If your New Year’s resolution is to lose weight, you’re certainly not alone. In fact, you’re pretty much on the bandwagon with the rest of the U.S. given that the most popular resolution amongst U.S. citizens was to “lose weight,” according to USA.gov here.
I’m usually wary of anything the majority of the population is into, but I am going to appease myself in assuming that most of us mean “gain health”or “lose unhealthy fat” when we say “lose weight.” Losing “weight” for the sake of losing weight is as pointless as seeking meaning in a Jersey Shore episode, and I could write a novel on that!

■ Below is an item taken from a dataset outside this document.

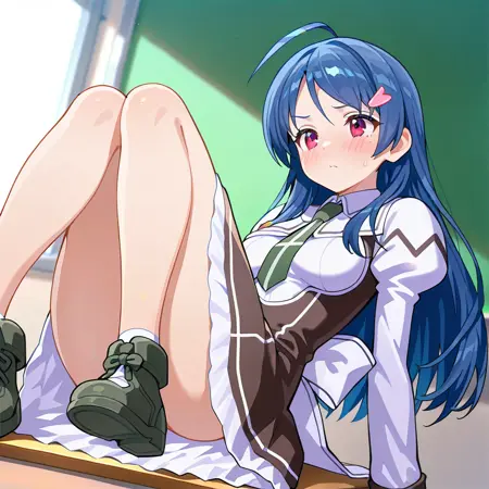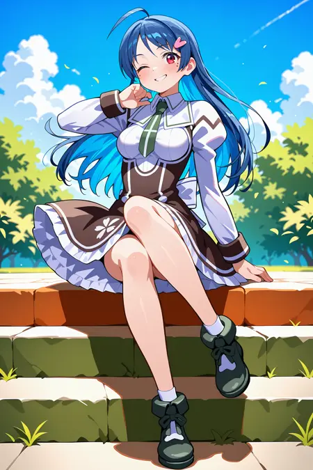 mitonoya_saki,blue hair, ahoge,red eyes,mark under eye,hair ornament,hairclip,

This new year, I’ll remind you (and myself as my motivation has been waning), of the three most important tips in achieving the health you want:
- Inform yourself. You can’t expect to ace a chemistry test if you’ve never seen a periodic table before, so how can you expect to become fit and healthy if you’ve never learned how to read a nutrition label or how many calories are in a pound? If you are new to nutrition and fitness, have no fear – the Internet, as per usual, is free of amazingly awesome information (and not-so-awesome ads for acai berry and flat belly diets, but, eh whatcha gonna do?). I’d recommend reading here to understand how to read a nutrition label. Then take simple steps to become more informed. Rent some books on nutrition, subscribe to healthy lifestyle blogs and e-newsletters, and consult friends who seem to be living the lifestyle you want. You don’t have to pay money to join a gym to exercise or pay a nutritionist for nutrition advice — exercise and healthy eating are free (just be sure to do your research).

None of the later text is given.